Okay, this is stupid of me so, please hold off on the "what were you thinking" comments. We are all entitled to a little bit of stupid once and a while...

The outside speakers in my cockpit were shot. I purchased a replacement pair based on size and square shape. I think the original speakers were custom built for Amel and are no longer available. I purchased a set of DC Gold N4C speakers. The magnets on the new speakers are much more powerful than the old speakers. I did not realize the DC Gold speakers would have such huge magnets. I had sent an email to the manufacturer and they assured me they would not interfere with the compass if they had 3 feet of space, which it does. This turned out to be total load of crap. I can move the compass with the speakers when they are 6 feet away. I now think the new DC Gold N4C speakers are going to be a lesson hard learned. When the speakers we in the cut-outs my compass was off by about 90 degrees.

I would still like to replace the speakers. I am now looking at PolyPlaner MA-4054 is a 4 cone size two-way coaxial speakers. PolyPlaner claims "ultra-low magnetic field speakers eliminates the problem of speakers magnets affecting navigation equipment such as compasses and autopilots".

The instructions for the Plastimo Offshore 105 Compass simply reads:
Deviation correction :
If deviation is no more than 7 : simply draw a deviation table assessing the error, and keep it for future reference.

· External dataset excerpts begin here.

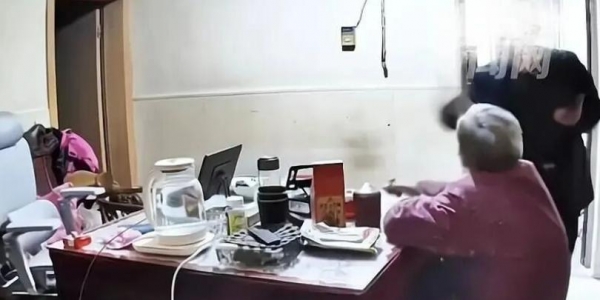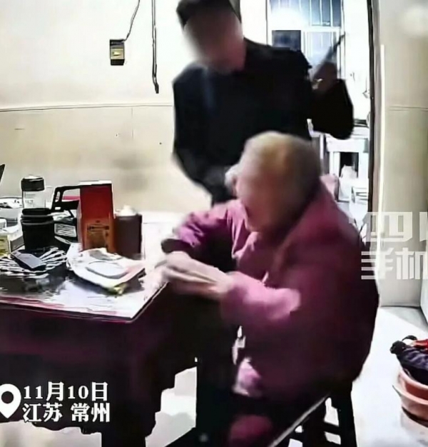 江苏一女子曝光一段监控录像,画面中一名白发老人惨遭男子殴打。
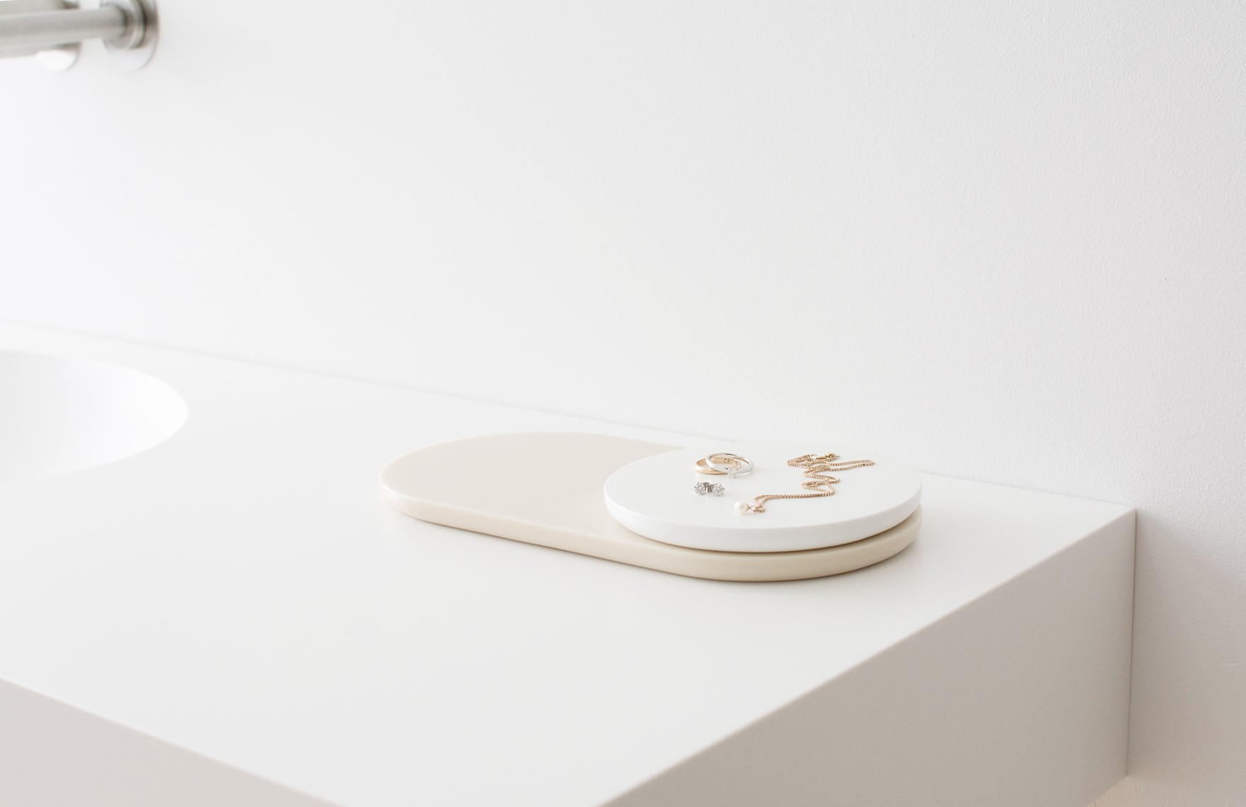 04/05/2020 - Stages è la nuova collezione di accessori per il bagno disegnata da Marike Andeweg per il brand olandese Not Only White e disponibile in una vasta gamma di colori HI-MACS®.
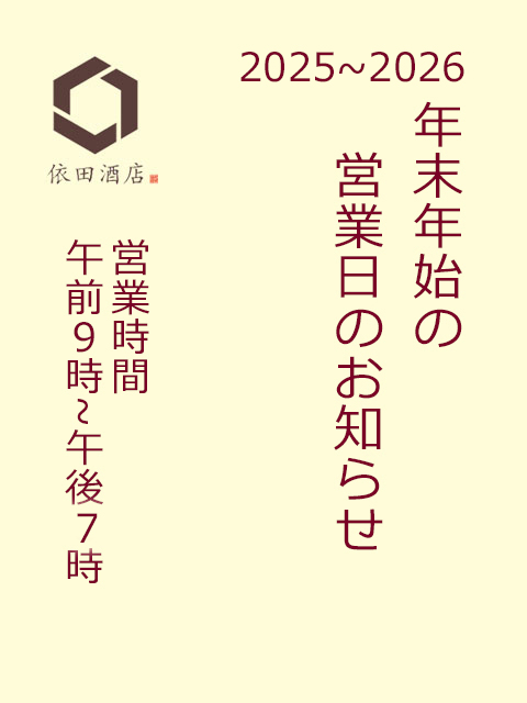 年末年始を依田酒店のおいしいお酒で、心豊かにお過ごしください。
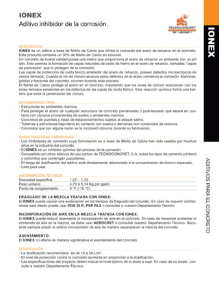 Ionex es un aditivo a base de nitrito de calcio que inhibe la corrosión del acero de refuerzo en el concreto al impedir que los iones de cloruro reaccionen con los iones ferrosos en los defectos de las capas de óxido férrico que protegen el acero, formando una barrera que evita la penetración del cloruro. Se recomienda para estructuras en ambientes marinos u otros con contenidos de cloruro y su dosificación depende de la concentración de cloruro esperada.
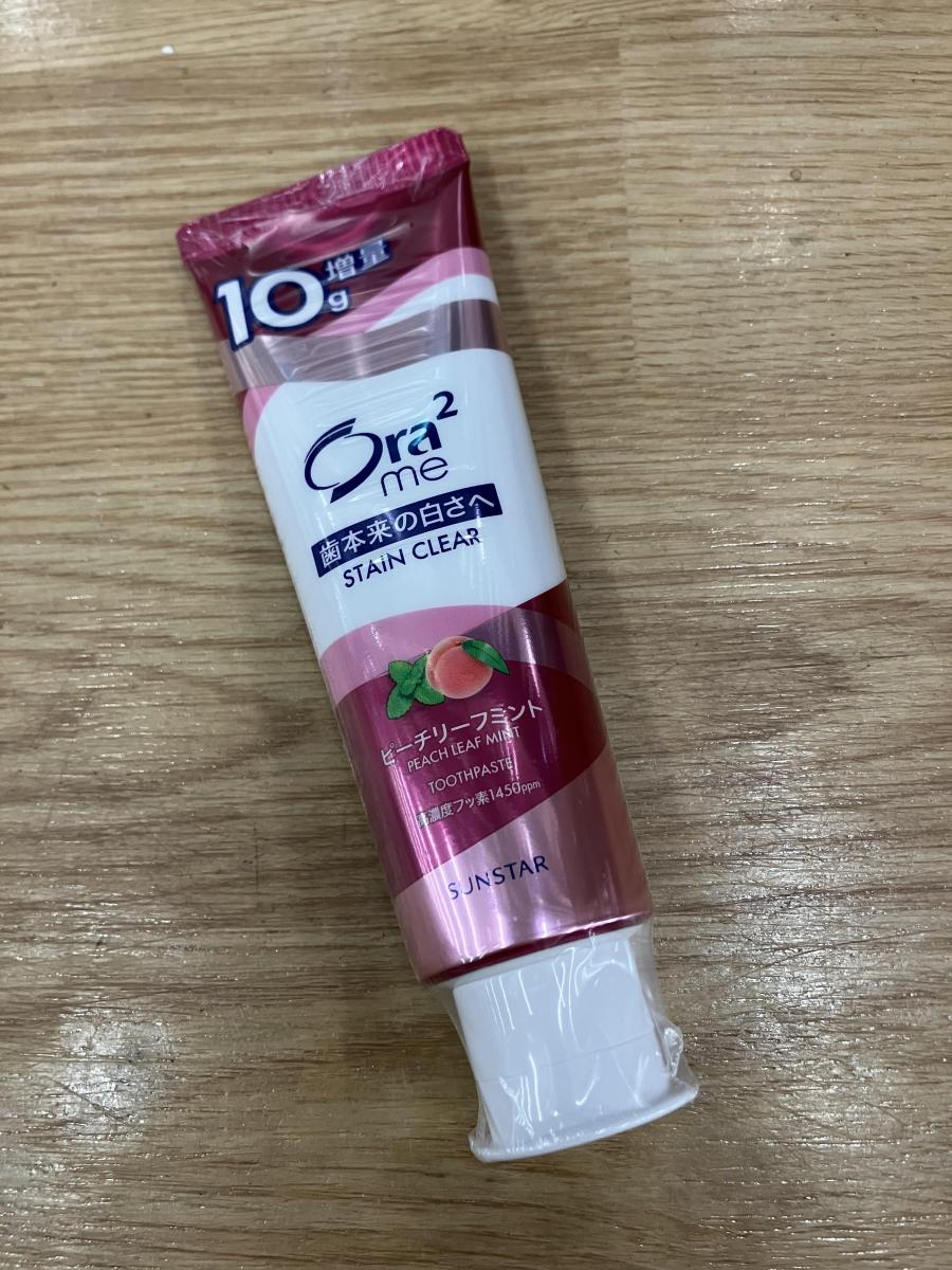 オーラツーのピンク!ピーチを購入しました。ほんのり甘めのフルーティーさを感じ、それでいて爽快感もある歯磨き粉でした。歯磨きあとはちゃんと歯もツルツルになりますし、口臭予防にもぴったりだなと思いました。ステイン効果で、使い続けていくと歯も白くなりそうなので期待して使用しています。
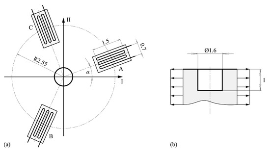 The strains were obtained from the virtual strain gauge rosette by averaging of the nodal strains across the strain gauge grid surface at stepwise removal of the hole layers. Dimensions, designations and orientations of the strain gauge rosette according to the directions of applied load are depicted in Figure 3a. The dimensions of the drilled hole are given in Figure 3b.
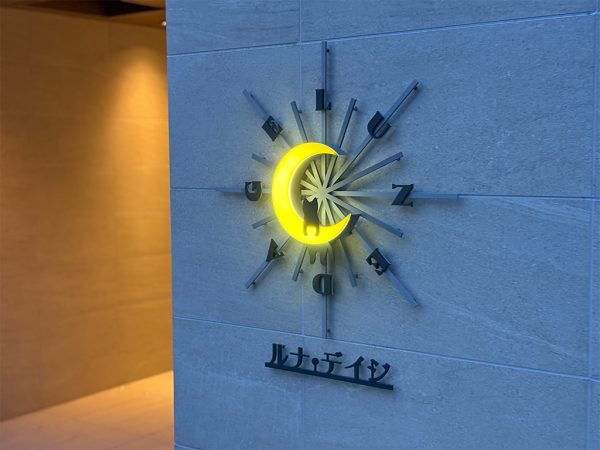 看板・サイン LUNE’DAGE (ルナ・デイジ)[第38回 いしかわ広告景観賞受賞] 第38回いしかわ広告景観賞にて、『金沢市長賞 』を受賞させていただきました。 シンプルで洗練されたデザインに、月の表現に使用されている黄色が 程よいアクセントを添えています。 夜間には、建物の白いタイルに映し出される月のサインが幻想的な雰囲気を醸し出し、 建物と調和しながら存在感を放っているサインです。 フォトギャラリー LUNE’DAGE 石川県金沢市
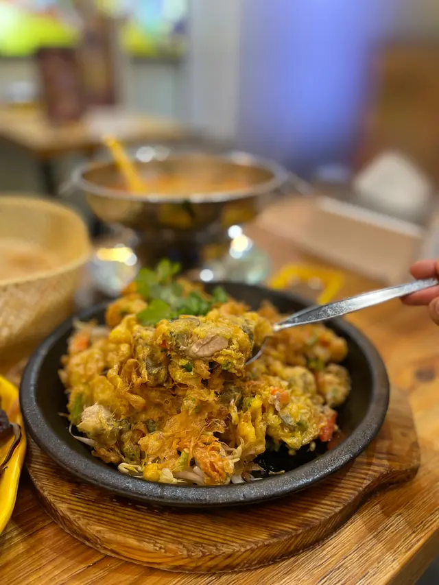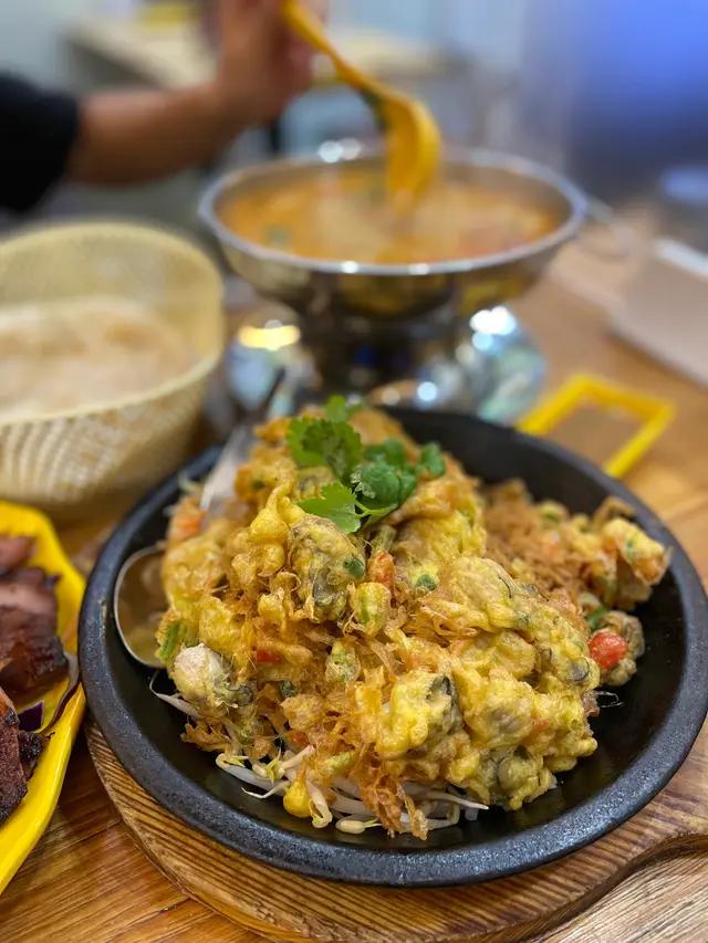 呢日去左元朗朋友仔屋企聚會幾個朋友去搵餐廳食晚飯 我地揀左呢間人氣泰國餐廳食晚餐餐廳廚房部係泰國人主理 裝修碗碟以黃色為主/🔸 冬蔭公湯 ($138)(2-3人份量)冬蔭公湯份量十足 一煲可以分到大約6碗湯湯料有兩隻原隻大虎蝦 超足料 蝦肉肉質彈牙我哋揀咗少辣 湯嘅香茅味好出飲落有輕微酸辣度 好醒胃😋/🔸 泰式燒羊架(兩件)($128)羊架入口好juicy又惹味 燒得焦香又脆邊的確有係泰國街頭食串燒既感覺/🔸 泰式鐵板蠔餅 ($128)嘩 用鐵板盛載 熱辣辣炸炸聲咁送上枱 蠔餅超大碟 又勁香 夾有粒粒蠔仔餅底炸到勁酥脆 一夾落去係咯咯聲架蛋味很香濃 入面有蔥花及紅椒粒沾上泰式甜辣醬食 更惹味啊🤤/🔸 風味燒豬頸肉($118)豬頸肉份量好多 有十塊大塊厚切片 燒得剛剛熟透 唔會太韌或太乾沾上醬汁酸酸甜甜的 食落有點香蒜味 /🔸 小曼谷炒米粉($108)配料有蝦 雞蛋 菜等 炒米粉好大碟食落有濃濃咖喱香味 米粉炒得乾身又有鑊氣 /🍸 菠蘿沙冰($42)🍸 芒果沙冰($42)兩杯飲品都有新鮮水果味 唔會太甜 好味…查看更多

If deviation is between 7 and 20 : we recommend that you have your compass compensated as a start, and then draw a deviation table. The compensation procedure is a delicate operation and should ideally be carried out by a professional compass adjuster.
I have a Raythenon fluxgate compass and know the normal variance between my magnetic compass and the fluxgate. My question is: Once I install the new speakers, how do I adjust the helm magnetic compass to compensate for the change in the magnetic field surrounding the compass?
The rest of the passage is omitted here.